No, NJC Decision to Recall Judges is Flawed – Otteh

By Joseph Otteh

 Background

The National Judicial Council (NJC) at its 82nd meeting which ended June 1, authorised the recall of six Judicial Officers earlier suspended from judicial duties, following their indictment or investigation for criminal offences. Those to be recalled are: Hon. Justice John Inyang Okoro of the Supreme Court, Hon. Justice Uwani Aji of the Court of Appeal; Hon. Justice Hydiazira Nganjiwa of the Federal High Court; Hon. Justice Musa H. Kurya of the Federal High Court; Hon. Justice Agbadu James Fishim of National Industrial Court and Hon. Justice Adeniyi Ademola of the Federal High Court. The NJC noted that only three Judicial officers have been prosecuted, and one of them has been acquitted and discharged. The Council has implied that there is no further justification for the other referenced Judges to stay recused from performing their official functions.

Concededly, there are a few instances where the NJC’s decision find some justification: the failure of the government to formally bring charges against some of the judicial officers accused of corruption after many months of investigation, would be taken to mean that, in spite of all the grandstanding and boisterous defence of its “sting” operations of October 2016, the government has nothing on them at the end of the day, notwithstanding that it had tarred everyone with the same brush. For the future, the government must reflect and learn from its misjudgements and forwardness, when it comes to investigating allegations of corruption against Judges. No judicial officer should have to go through the terror of being so publicly humiliated, in the absence of strong and compelling justification.

NJC Decision Flawed in Other Cases

However, not all the cases fall into this category; some judges have been charged to court and, in some cases, proceedings are still continuing against them. For this category, the NJC’s en-bloc recall of the Judges on its current list, papers over the cracks. One of the judges on its list is currently charged before the Code of Conduct Tribunal, even though he has not been formally arraigned at this time. Some others are named in several other indictments against persons they are said to have acted in concert with.

We think the NJC did not address the situation of the recused Judges with the kind of nuance, context and imaginativeness that scenario called for. The kinds of evidence elicited during the trial of some of the judges on the list, are extremely unsettling and informed observers must wonder how the Judiciary can sidestep the queasiness of asking Judges named as beneficiaries of questionable transactions, to resume their duties. The NJC says there has been an acquittal on the charges brought in one case. Yes, but a criminal conviction or acquittal, is not the only parameter for deciding questions of a person’s suitability for continuing in judicial office.

If the NJC wants to reform the Judiciary, it must look at what the evidence received in trial against some of the judges, reveals about those Judges and the deep impressions they create of the weaknesses of the Nigerian Judiciary. Must the Council wait for a criminal conviction to act? The Judiciary has a Code of Conduct for judicial officers: whether or not the provisions of that Code have been broken, is a legitimate and expedient inquiry that the NJC needs to pursue, quite apart from whatever is the outcome of a criminal trial prosecuted by third parties.

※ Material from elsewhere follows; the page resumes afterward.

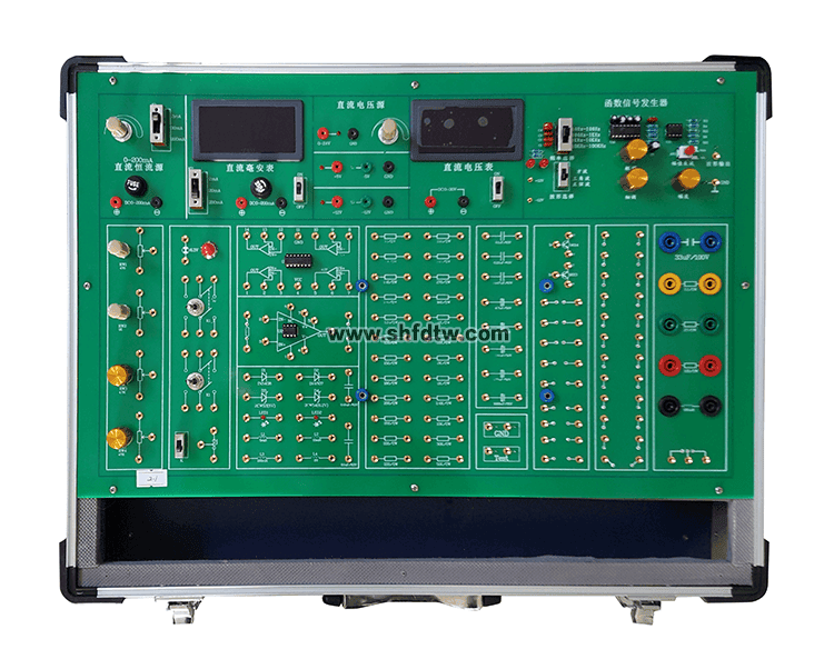 本實(shí)驗(yàn)箱以全開放的形式設(shè)計(jì),板上集成有實(shí)驗(yàn)用各種元器件,實(shí)驗(yàn)時(shí)學(xué)生自行選擇元器件,自行搭接實(shí)驗(yàn)電路,實(shí)驗(yàn)連接采用鎖緊疊插式鍍金插頭和插座,接觸可靠。電路板采用2.0厚雙面敷銅板設(shè)計(jì)工藝,堅(jiān)固實(shí)用,使用壽命長。
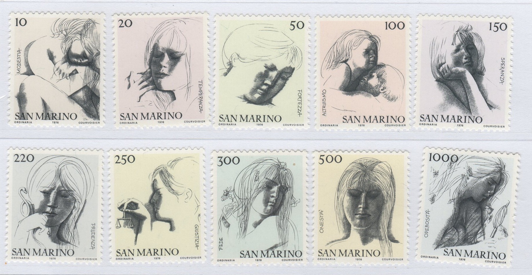 Francobolli San Marino Anno 1976 Le virtù civili Prima serie

Let us remember that our Judiciary is going through a great crisis, a turmoil on a scale fit for the declaration of a state of emergency; how can the Judiciary not seize this moment to upturn its house, break down the hinges of the old order, and explore every means possible to re-define itself? The urgency of now, to borrow a fitting phrase, would include ensuring that the Judiciary never stands accused again, of indulging in corruption.

So Much Work Remains to be Done

The NJC needs to do a lot more to demonstrate that that it is taking us to a new future, and not returning to the status quo ante, or our accustomed state of “normal”. The events of October 2016 are a watershed liner in our judicial history, but it is not clear whether those events have inspired any far-reaching changes: the recall of a number of Judges on the NJC’s list will certainly not help make the case that we have re-calibrated the intensity of our fighting spirit against corruption, or that we are now tightening the noose around those issues. We think that, post October 2016, the NJC should have explored new frontiers for expanding its oversight on Judges’ conduct – it could have instated stronger policies to regulate financial transactions involving Judges, introduced financial disclosure requirements, defined limits on how much money can be retained outside banks, established whistle blowing protocols within the Judiciary, etc. etc.

Furthermore, the NJC could also address, through policy-making, how the Judiciary can better protect its independence and safeguard itself against illicit efforts by others to interfere with its autonomy. Some published statements of some of the judges affected by the October 2016 “sting operations”, aver that senior government officials reached them in their homes, and offered significant inducements to them, in order for them to rule in their favour at the hearing of some election cases in the Supreme Court.